IARPA RFI – Tapping Security Cameras for Computer Vision and Facial Recoginition Algorithm Training Datasets

Home / Articles / External Non-Government


April 1, 2019 | Originally published by Date Line: April 1 on

For computer vision and facial recognition systems to work reliably, they need training datasets that approximate real-world conditions. So far, researchers have had access to only a small number of image datasets, many of which are heavily populated with still pictures of fair-skinned men. This limitation impacts the accuracy of the technology when it comes across types of images it”s not familiar with – those of women or people of color, for instance.
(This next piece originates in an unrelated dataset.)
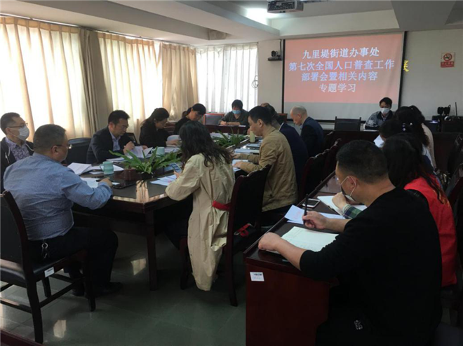 “一动员”:在不放松疫情防控工作和复工复产的前提下,九里堤街道于4月28日召开第七次全国人口普查工作部署动员会,街道办事处班子成员、社区主要领导及街道办事处各科(室)长参加。会议强调第七次全国人口普查综合试点工作的重要性和艰巨性。并成立街道第七次人口普查综合试点工作领导小组,要求各科室和社区按照职能分工,各负其责、通力协作、密切配合,增强工作责任感和紧迫感,认真做好前期基础工作,抓好第七次全国人口普查综合试点工作。同时西南交大社区利用居民代表大会、院落坝坝会、社区小广播等形式,向居民群众宣传人口普查工作重要性和时间节点,形成了“人口普查利万家,提供信息靠大家”的良好舆论氛围,为第七次全国人口普查工作有序开展奠定了基础。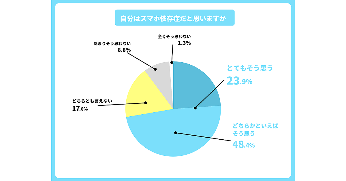 まず「自身がスマートフォン依存症だと思うか」を聞くと、「強くそう思う」23.9%、「ややそう思う」48.4%で、計72.3%が依存傾向を自覚していた。「スマートフォンやインターネットがない生活を想像できるか」と聞くと、「まったく想像できない」42.8%、「あまり想像できない」29.6%で、計72.4%とこちらも7割超が依存性を示している。

Another challenge is related to the varying quality of the images on video feeds available from surveillance cameras. Often the cameras” scope and angle, as well as the lighting or weather during a given recording, make it difficult for law enforcement to track or re-identify people from security camera footage as they try to reconstruct crimes, protect critical infrastructure and secure special events.

To help solve this problem, the Intelligence Advanced Research Projects Activity has issued a request for information regarding video data that will help improve computer vision research in multicamera networks. IARPA is seeking capability statements for an annotated video collection of 960 hours that includes:

Data collected over multiple days with varying illumination from a network of at least 20 cameras with varying positions, views, resolutions and frame rates that include both overlapping and non-overlapping fields of view.
Data captured over 10,000 sq. meters in urban and semi-urban environments with multiple intersections, buildings entrances/exits and pedestrian foot traffic as well as signs, vehicles, trees and other obstructions.
Data involving a minimum of 5,000 pedestrians and at least 200 subject volunteers given instructions on how to behave and/or where to go in the camera network.

Related Links:

IBM Diversity in Faces (DiF) Dataset – DiF is a large and diverse dataset that seeks to advance the study of fairness and accuracy in facial recognition technology. The first of its kind available to the global research community, DiF provides a dataset of annotations of one million human facial images.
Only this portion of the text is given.